First the term “reboot” took over the way we talk about movies, and now it seems to be happening with TV: there are rumours that The Office will be retooled for its next season, but it’s being referred to as a “reboot,” thereby making it sound like a new concept. The plan doesn’t sound very new, though. Artistic considerations aside, The Office needs to stay around for at least one more year, maybe more, because it’s still the most popular comedy NBC has. It isn’t really working without Steve Carell (I think it can still be funny; it’s just sometimes hard to see what the show is supposed to be about now), and next year most of the remaining actors are going to need some time off for other projects. So the basic approach for the post-Carell years – try and shift the focus to the popular ensemble of supporting characters – may not even be sustainable for the next season. It may need an old-fashioned full-fledged re-tool, which means not only adding new characters but finding a new theme for the whole show.

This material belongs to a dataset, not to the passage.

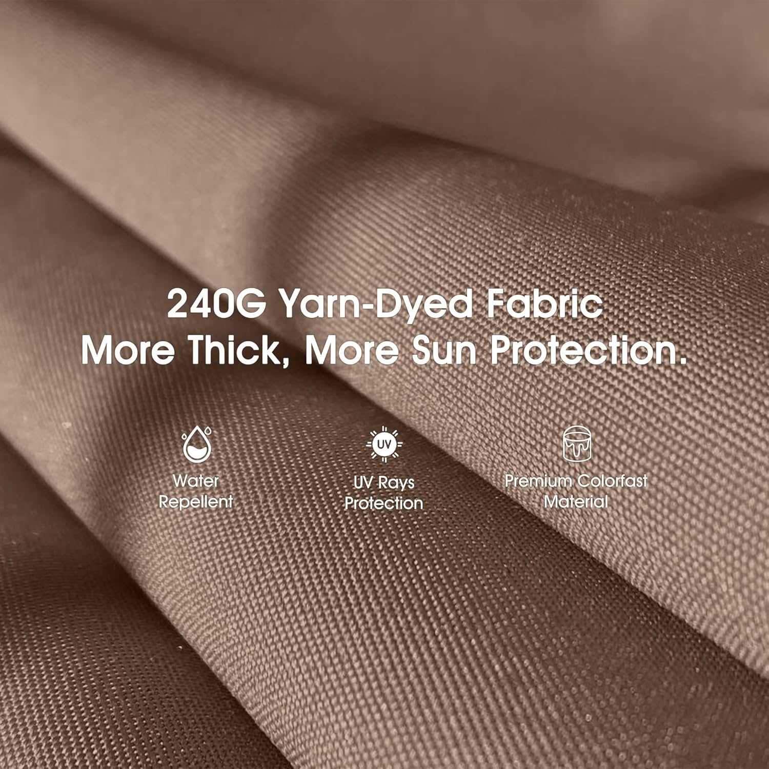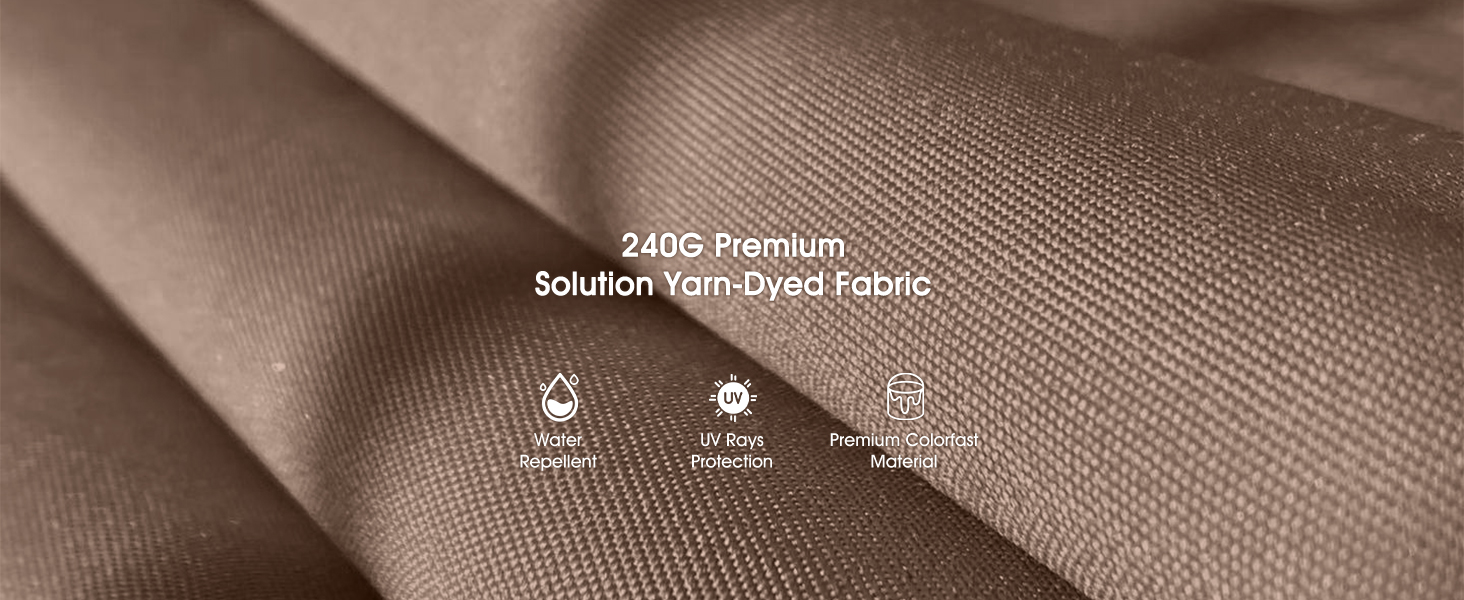 Breathable. UV resistant. water-repellent and fade resistant yarn-dyed polyester fabric. protect you and your family from sunburn. Easy to clean and maintain.
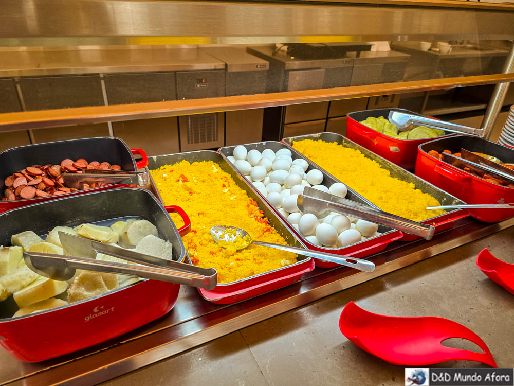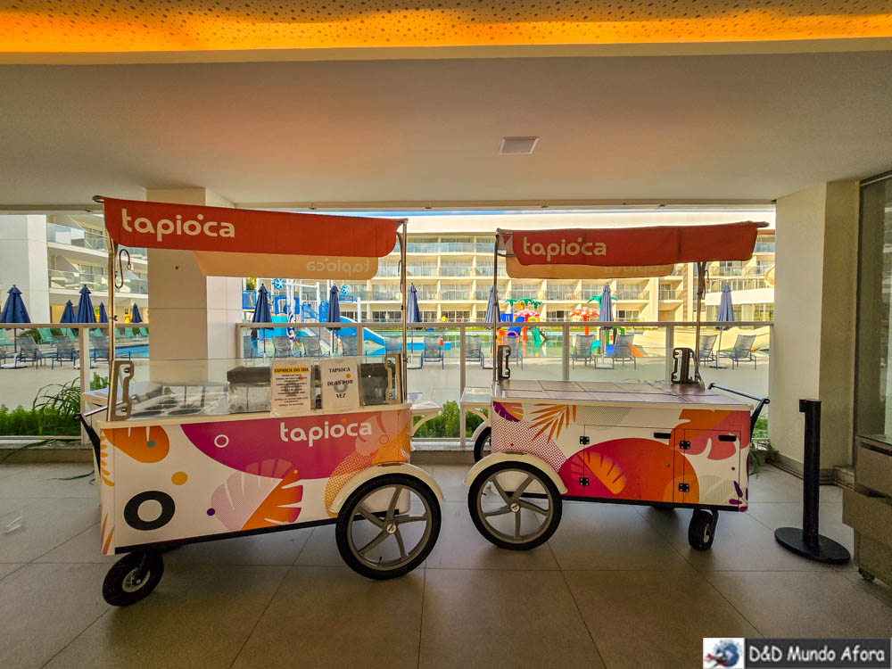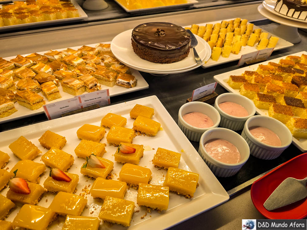 No final do dia, ainda teve espacinho para o lanche da tarde com tapioca, bolos, suco, café, iogurte e outras opções.

Probably more interesting than what’s going to happen to The Office (which is not likely to get back to the level of seasons 2-5) is the question of what’s going to happen with that Dwight spin-off they’re planning: will it be the show’s Frasier, or the show’s Joey? Whatever happens, I sometimes think networks haven’t been aggressive enough in spinning off their popular comedies. Dramas are “franchised” all the time, but comedies try their damnedest to keep every character on the show for as long as possible. What we haven’t seen in a long time is what was known as the Fred Silverman approach: identify some popular supporting characters the show could get along without – Rhoda, Phyllis, The Jeffersons, Florida, Fish, Mrs. Garrett – and give them their own shows, which can be promoted via crossovers with the parent show.

This isn’t done much now, and it certainly makes sense that it isn’t done much: nobody wants to risk wrecking a show by taking a popular supporting character away. (Back when hit shows had bigger audiences, the risk may not have been as great. Even if Rhoda’s departure lost Mary Tyler Moore a few ratings points – and it did lose a few, maybe not necessarily because Rhoda was gone – it was still huge. Today, for even popular shows, there aren’t that many points separating them from a failure; they need to keep all the ratings they can.) But it’s so hard to create a popular comedy that the advantages of spinning off a character might outweigh the disadvantages at this point.

The time to do it, though, is when the parent show is still big. So the appropriate time for an Office spinoff was probably a few years ago, when the network asked for one, but the producers were unable to find a spinoff idea, creating the original Parks & Recreation instead. We benefited from that decision, but it was sensible of the network to ask for a spinoff when the show was at its peak. And I think it might make sense for other shows.

So what are some current comedies that you think should (or at least could) spin off some supporting characters into their own shows without ruining the original show? My suggestion a few weeks ago was Big Bang Theory‘s Mayim Bialik and Melissa Rauch. They’re popular, they already have a lot of scenes together, and since they joined the show in mid-run, there’s no question that it could go on without them. The network has never been able to come up with a decent time slot companion for that show, so why not pull a Silverman? (Silverman himself once said something to the effect that if he were still running ABC, he’d have spun off Cam and Mitchell from Modern Family.)